| What you have to do |
Give the records again exactly, but drop the pictures.

| Records for processing |
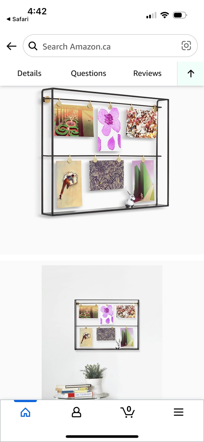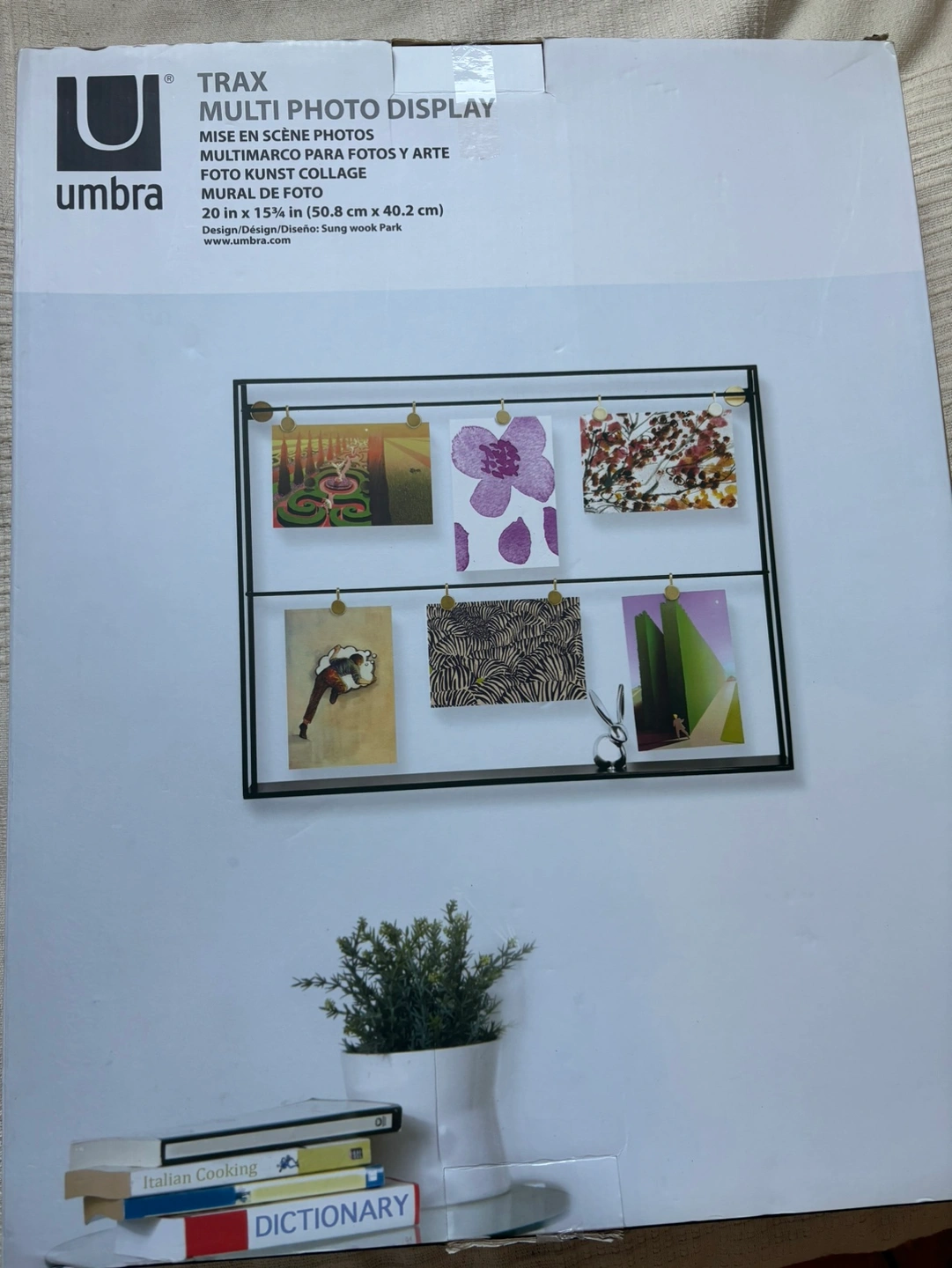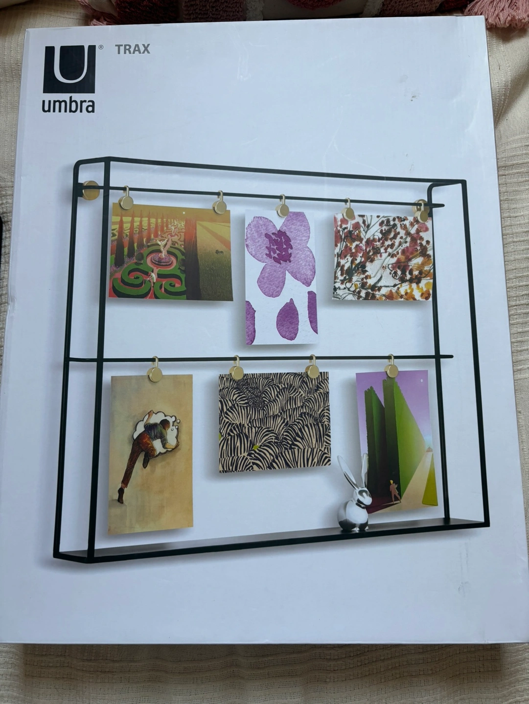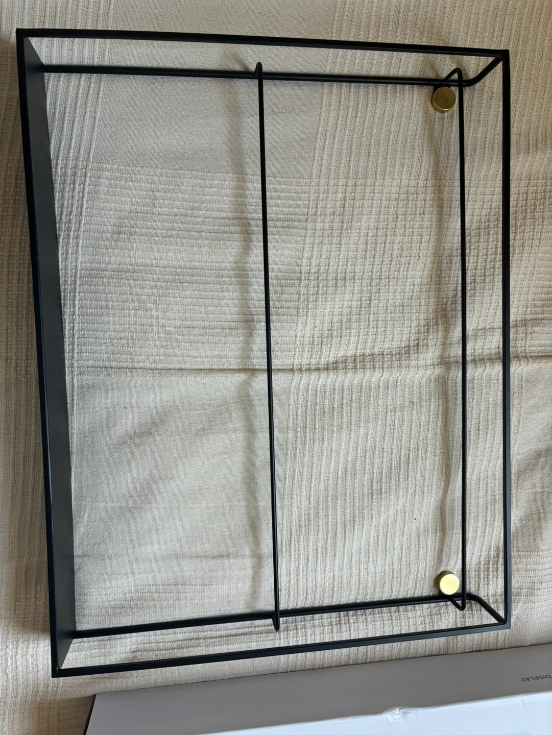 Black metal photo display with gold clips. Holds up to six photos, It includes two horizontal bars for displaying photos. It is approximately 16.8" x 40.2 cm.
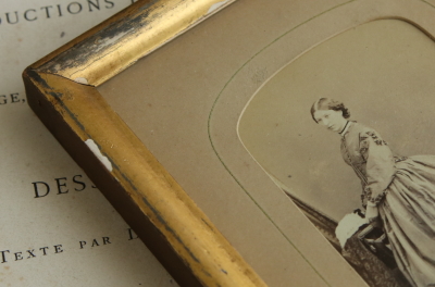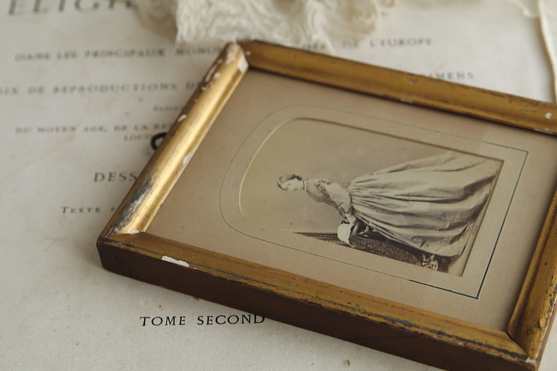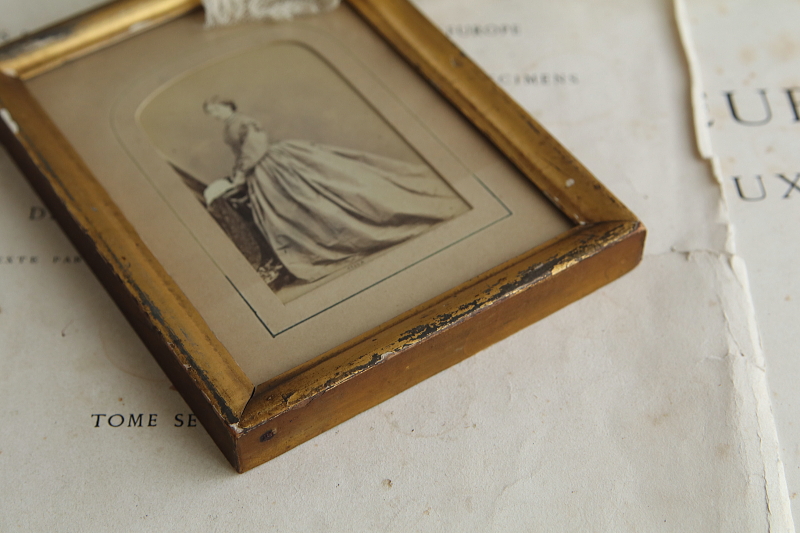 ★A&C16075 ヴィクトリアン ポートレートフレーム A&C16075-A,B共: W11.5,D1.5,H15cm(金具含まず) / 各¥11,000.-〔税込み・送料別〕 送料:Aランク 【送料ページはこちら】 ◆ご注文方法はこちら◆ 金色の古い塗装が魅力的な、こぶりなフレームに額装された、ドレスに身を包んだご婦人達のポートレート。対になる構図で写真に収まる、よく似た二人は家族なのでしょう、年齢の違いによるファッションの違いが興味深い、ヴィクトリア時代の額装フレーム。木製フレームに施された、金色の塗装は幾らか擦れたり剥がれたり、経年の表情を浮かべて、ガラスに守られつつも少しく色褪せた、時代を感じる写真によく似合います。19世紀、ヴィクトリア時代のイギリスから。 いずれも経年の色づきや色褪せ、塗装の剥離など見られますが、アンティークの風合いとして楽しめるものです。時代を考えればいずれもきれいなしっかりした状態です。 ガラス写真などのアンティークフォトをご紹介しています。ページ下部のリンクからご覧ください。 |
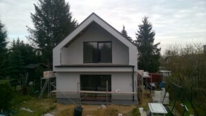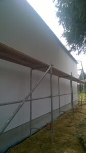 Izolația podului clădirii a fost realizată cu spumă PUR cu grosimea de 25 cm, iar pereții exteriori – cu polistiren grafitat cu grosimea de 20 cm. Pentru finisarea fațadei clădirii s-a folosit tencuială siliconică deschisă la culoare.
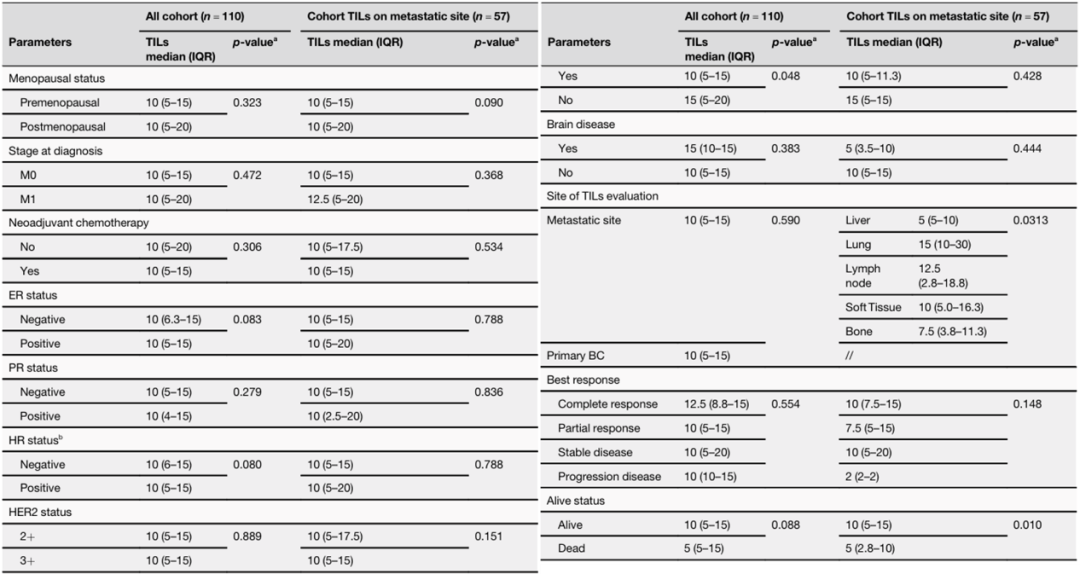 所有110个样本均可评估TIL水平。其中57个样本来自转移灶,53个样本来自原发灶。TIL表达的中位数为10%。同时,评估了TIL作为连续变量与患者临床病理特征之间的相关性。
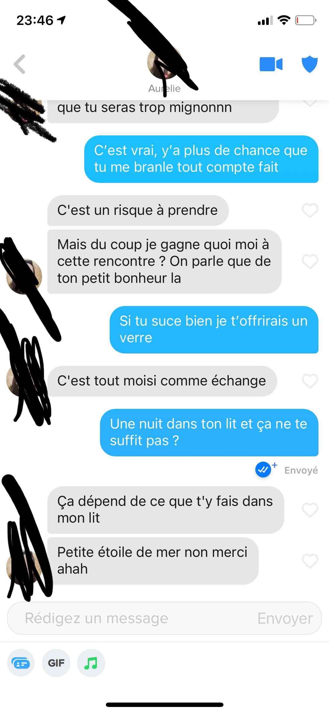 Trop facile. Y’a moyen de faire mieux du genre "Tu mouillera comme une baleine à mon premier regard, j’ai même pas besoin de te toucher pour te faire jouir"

| Reply to the task |
 Black metal photo display with gold clips. Holds up to six photos, It includes two horizontal bars for displaying photos. It is approximately 16.8" x 40.2 cm.
 ★A&C16075 ヴィクトリアン ポートレートフレーム A&C16075-A,B共: W11.5,D1.5,H15cm(金具含まず) / 各¥11,000.-〔税込み・送料別〕 送料:Aランク 【送料ページはこちら】 ◆ご注文方法はこちら◆ 金色の古い塗装が魅力的な、こぶりなフレームに額装された、ドレスに身を包んだご婦人達のポートレート。対になる構図で写真に収まる、よく似た二人は家族なのでしょう、年齢の違いによるファッションの違いが興味深い、ヴィクトリア時代の額装フレーム。木製フレームに施された、金色の塗装は幾らか擦れたり剥がれたり、経年の表情を浮かべて、ガラスに守られつつも少しく色褪せた、時代を感じる写真によく似合います。19世紀、ヴィクトリア時代のイギリスから。 いずれも経年の色づきや色褪せ、塗装の剥離など見られますが、アンティークの風合いとして楽しめるものです。時代を考えればいずれもきれいなしっかりした状態です。 ガラス写真などのアンティークフォトをご紹介しています。ページ下部のリンクからご覧ください。 |
 Izolația podului clădirii a fost realizată cu spumă PUR cu grosimea de 25 cm, iar pereții exteriori – cu polistiren grafitat cu grosimea de 20 cm. Pentru finisarea fațadei clădirii s-a folosit tencuială siliconică deschisă la culoare.
 所有110个样本均可评估TIL水平。其中57个样本来自转移灶,53个样本来自原发灶。TIL表达的中位数为10%。同时,评估了TIL作为连续变量与患者临床病理特征之间的相关性。
 Trop facile. Y’a moyen de faire mieux du genre "Tu mouillera comme une baleine à mon premier regard, j’ai même pas besoin de te toucher pour te faire jouir"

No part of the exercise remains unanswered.